That version was referred to as Beta 4 although was still so malleable that the EF team even referred to it as an alpha. In fact, the only reason it had the tag “beta 4” was to align with the set of Nuget packages that were being released for ASP.NET 5 as it was developing. An important goal with EF7 was that it needs to work with ASP.NET 5, so the EF team needed to release their stable pre-releases on Nuget.org (e.g. http://www.nuget.org/packages/EntityFramework.Core/) in sync with ASP.NET 5. The nightly builds, which are available on https://www.myget.org/gallery/aspnetvnext are a different story and are pushed frequently by the EF team whenever they are ready to do so.

Since the course was released some technical things have changed and even the release plans have changed. Rather than updating the course each time, potentially introducing more things that will change by RTM, I will wait until EF7 is closer to RTM and use that to create a course about the release.

In the meantime, I think it is important to have some awareness of the current landscape so that combined with watching Looking Ahead to Entity Framework 7, you can plan ahead effectively. My recommendation is to at least peruse this blog post before watching the course and then come back and read it more carefully when it will make more sense.

In this post I will address each of the 6 modules of the beta 4 course and alert you to what has changed and what to expect.

Module 1: Achieving Microsoft’s Goals for EF with EF7

The overarching goals for EF7 have not changed. Microsoft is wholly committed to a completely new code base for EF7 using modern software practices. The New Devices New Data Stores goal is still correct and as you learned (or will learn when you watch the course), the proof of concept work around NoSQL and Redis is still set aside.

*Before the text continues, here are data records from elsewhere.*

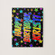 This lively, fun, birthday-themed jigsaw puzzle design features the message "HAPPY BIRTHDAY, KRISTI" with the characters having a colourful rainbow spectrum inspired gradient pattern, along with a vibrant star shapes background pattern. A colourful puzzle like this might be a fun way to send birthday wishes to somebody named Kristi. [~Z0000468]
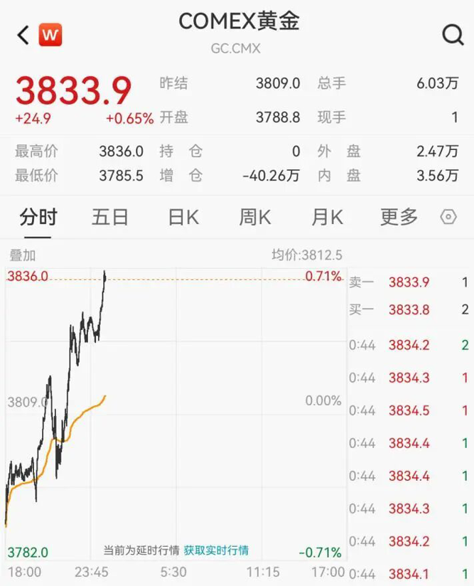 纽约期金站上3830美元/盎司,亦续刷历史新高。截至发稿报3833.9美元/盎司,日内涨0.65%。
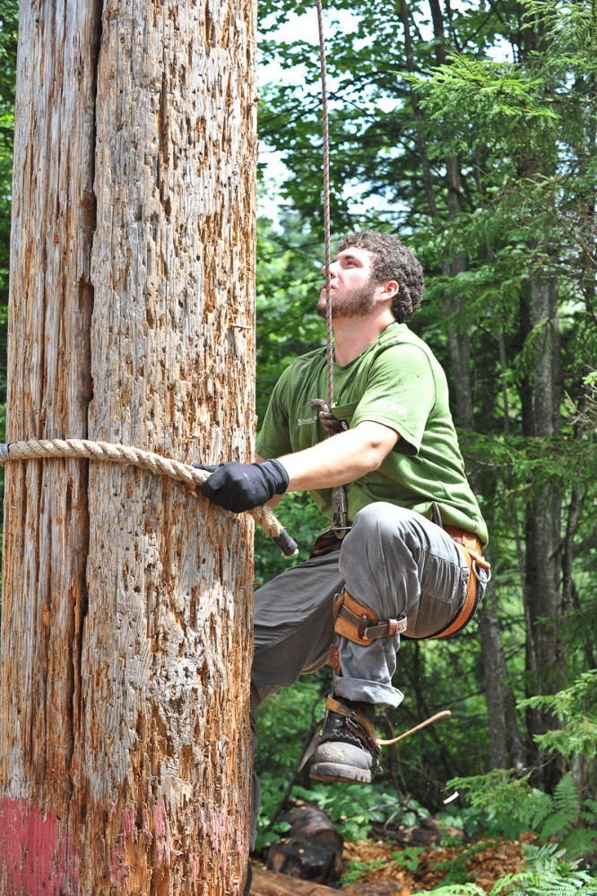 Instead of cinderblock walls, picture an outdoor classroom where towering white pines overlook a beautiful lake. Instead of bookbags and laptops, students tote bucksaws and throwing axes.
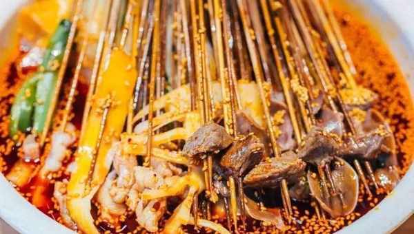 钵钵鸡,这名字也是很神奇,如果不是四川的朋友可能不知道钵钵鸡是什么意思,钵钵是瓦罐的意思,钵钵鸡就是用瓦罐当做容器来装鸡肉。类似于串串香,又不同于串串香,相同点是要用竹签串起来,钵钵鸡是冷菜,但是串串香是热菜。1991年钵钵鸡已经被列为真正意义上的“名小吃”了。
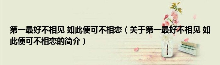 本文關于第一最好不相見 如此便可不相戀的簡介就講解完畢,希望對大家有所幫助。
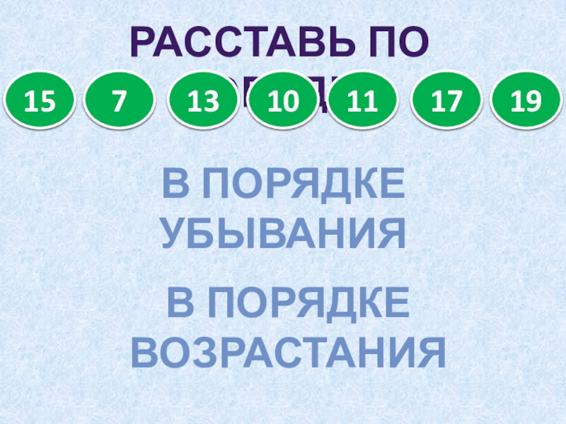 Расставь ПО ПОРЯДКУ1571310191711В ПОРЯДКЕ УБЫВАНИЯВ ПОРЯДКЕ ВОЗРАСТАНИЯ1571310191711
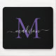 Moderne Schwarz Lila Violet Monogram Elegant Girly Script Mouse Pad
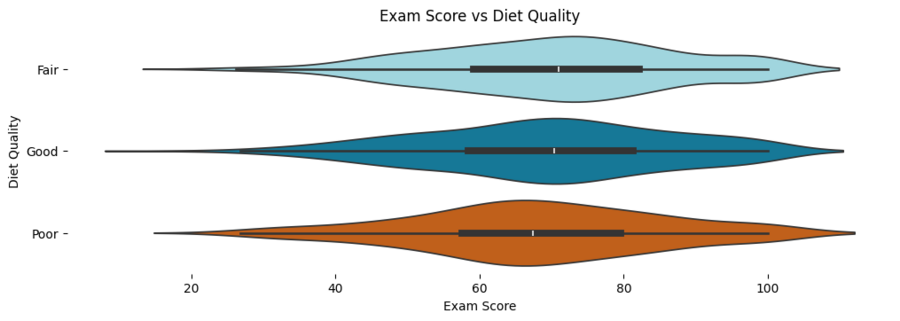 1. «Poor» Diet Quality: распределение результатов экзамена для студентов с «Poor» качеством питания сдвинуто влево (в сторону более низких оценок). «Скрипка» шире в области низких оценок, и имеет более короткий правый «хвост». Это означает, что большая часть студентов с плохим питанием имеет результаты ниже среднего, и меньше студентов с хорошими оценками.
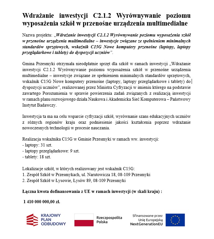Wdrażanie inwestycji C2.1.2 Wyrównywanie poziomu wyposażenia szkół w przenośne urządzenia multimedialne
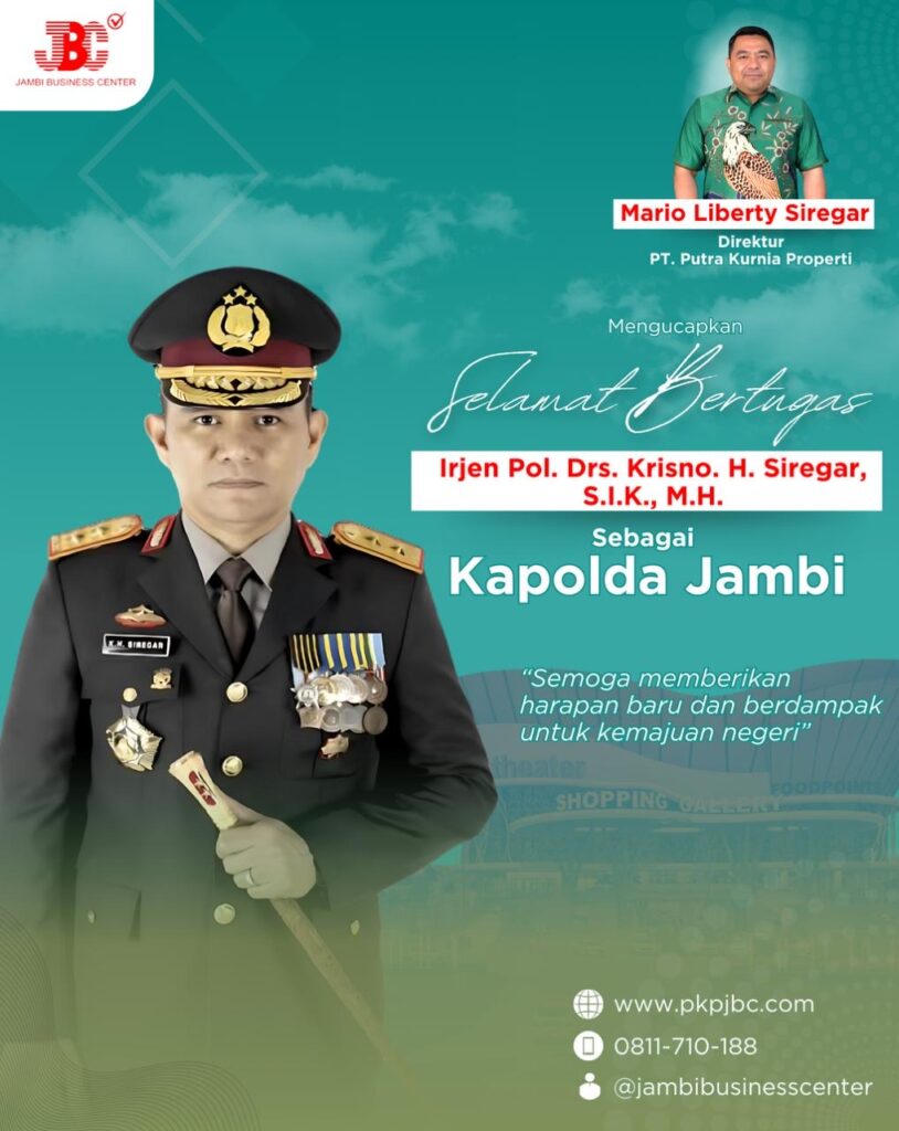 SIMPAR.ID – Jambi, 20 Maret 2025 – PT. Putra Kurnia Properti Proyek Jambi Business Center mengucapkan selamat kepada Irjen Pol. Drs. Krisno H. Siregar, S.I.K., M.H. yang baru saja dilantik sebagai Kepala Kepolisian Daerah (Kapolda) Jambi. Ucapan ini disampaikan secara khusus oleh perusahaan yang bergerak dalam pengembangan properti di Provinsi Jambi, sebagai bentuk dukungan dan harapan terhadap kepemimpinan baru di Polda Jambi.

While discussing where you can use EF7, I showed a slide that talked about various frameworks.

clip_image001

This shifts a bit since the initial RTM of EF7 will now support UWP (Universal Windows Platform) which targets Windows 10 devices including phones and tablets. Along with this change, the SQLite provider that had been set aside, is now part of the initial RTM. In the course, I explained that the Windows Phone 8 & Windows Store support is also set aside for a later release after the initial RTM. That is still true.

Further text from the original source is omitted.